My life has never been the same since it came into my life. Seeing the promotional commercial – pause and rewind live TV, view individual recorded programmes in the sequence you want – is one thing. To actually see how it works is entirely another. I can bookmark a recorded show and skip to another one. I can watch, fast forward and rewind a programme while it’s recording. While I’m watching Project Runway on one channel, it tells me that Lost is about to start on another channel.

My point is, for a TV addict, the SmartTv is life-changing (and no, they’re not paying me to say this, though come to think of it, they should). No more stacks of clunky video-tapes, or worrying about how you’re going to tape all your favourite shows if you go away for two weeks, like I did recently.

There I was on the plane back from London smiling happily at the thought of all the lovely shows I had waiting for me at home. Nigella Feasts, The Sarah Connor Chronicles, Oprah, American Idol… In the taxi zooming away from Changi, I was already planning which show to watch while I had dinner. Even as I opened the door to the flat, still caught in a TV-fueled daze, it took me a while to appreciate that Saffy was staring at me in a mildly panicked way.
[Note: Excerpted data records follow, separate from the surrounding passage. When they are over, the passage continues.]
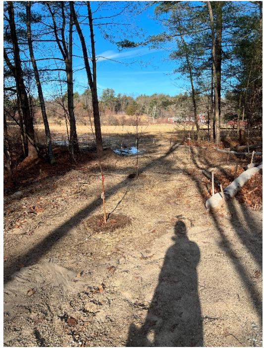
Photo 5 : Sta 212+00 looking at the planted vegetation near the wetland replication area.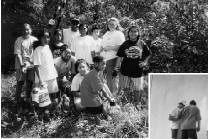
Arlington Teen Center kids do yard work for older residents.

out” is used to discipline a child whose behavior is disruptive. Staff are unambiguously instructed to locate a time out close to the activity in which the infraction occurred. During the time out, the disciplined children are required to sit quietly with their legs crossed and their hands folded in their laps until they are calm enough to rejoin the activity.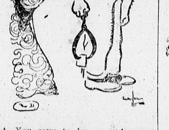
A—You seem to have pretty bad luck with your cooks. B—Yes, the first stayed only three days and the second I can't get rid of.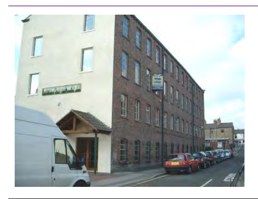
Newbridge House Henderson Street SK11 6RA

Newbridge House is a 4-storey Victorian mill consisting of brick to side elevation with timber windows, and modern smooth render to the entrance gable end.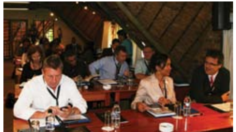
Participants at the "Aerospace Technology – Enhancing our Partnerships" special session, hosted and organised by AeroAfrica-EU on the first day of IASSA 2009.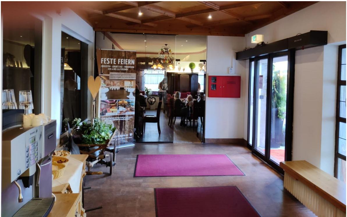
The main entrance of Hotel Am Kamin. The room in the background might also be suitable for the next tournament?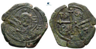
1574 Principality of Antioch. Antioch. Tancred. As regent AD 1104-1112. Follis Æ 23 mm, 3,29 g very fine 10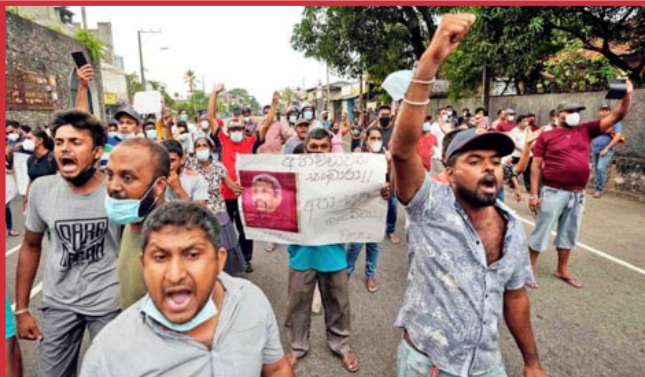
April 3, Colombo, Sri Lanka: protestors block highway.

A recent visit by comrades from Bengaluru and elsewhere has added to the urgency of our work. We are more committed to working with our collective regularly and we have formed study groups to apply dialectics to our daily life. We now distribute about 100 Red Flags in Sri Lanka and hope to visit readers there shortly.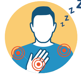
MUSCLE OR BODY ACHES OR FATIGUE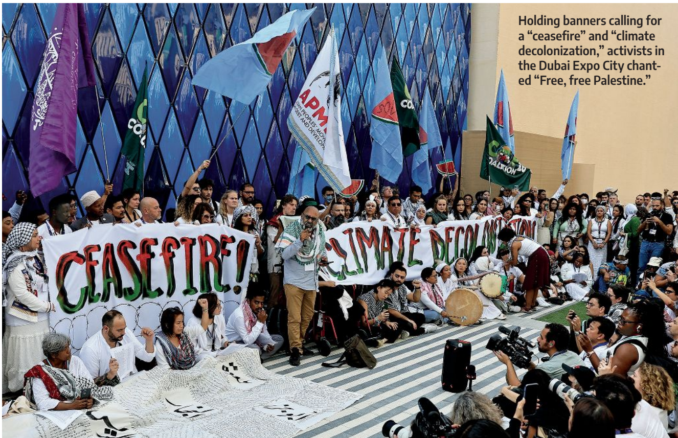
Holding banners calling for a “ceasefire” and “climate decolonization,” activists in the Dubai Expo City chanted “Free, free Palestine.”

During the Sharm el Sheik conference Continued on page 10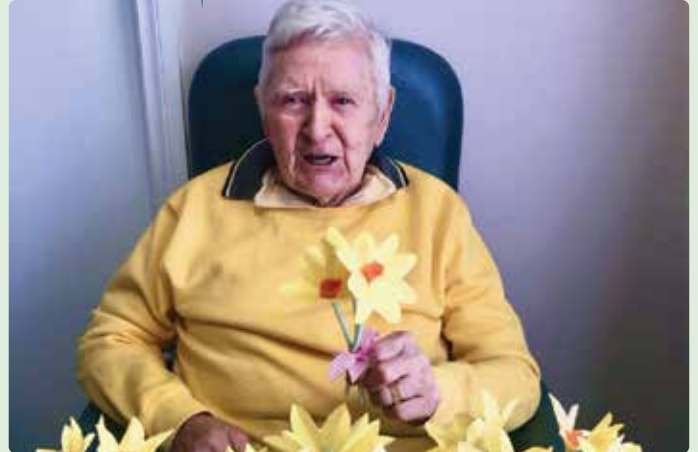
Left: Off to New Zealand. Right: On Daffodil Day.

I reached A grade and brought home a lot of chooks as prizes. Getting a hole in one was a high point and the golf ball company sent me a letter of congratulations.

“It’s not my fault!” she immediately said while taking a little step back.

Smiling indulgently, I said, “You are such a drama queen! What’s not your fault?”

She hesitated. “Your SmartTV. It’s not my fault,” she repeated.

I stared at her for a while, in the same way you might if someone said, “You’ve just won a billion dollars!”

“I never touched it, I swear, I was just dusting the DVD rack and then suddenly there was a loud crack and then the lights all went out and it never came back on, though I’ve tried turning it on but really, I don’t know why people expect me to know how these things work, so it’s really not my fault, please don’t yell at me,” Saffy babbled.

I felt a little faint and it took a while for the world to stop swaying. “It’s broken?” I finally managed to whisper. “But...how? It was all working fine when I left.”

Just in case I’d missed the point the first time round, Saffy said, “It wasn’t my fault. I’m sorry.” She later told Amanda that I looked as if someone had just told me that Oprah had died.

“The fuse is gone,” the Starhub man said sympathetically. He’d come over almost immediately after I placed a 911 call. “We’ll have to replace it.”

“But what about all the shows I’ve already recorded?” I moaned. “Oh dear God, I had two seasons of Victoria’s Secret on it!”

“Hopefully, the hard drive is intact, lah!” he said. He had the bed-side manner of a schnauzer. It was a great comfort.

The days since have been impossible. There’s nothing to watch on TV, just the local channels and I have to endure all the painful commercials that I normally happily fast forward. And I have to stay up late to watch shows that I normally record. I just can’t help but wonder how other people do it. “They have lives,” Amanda said unkindly this morning.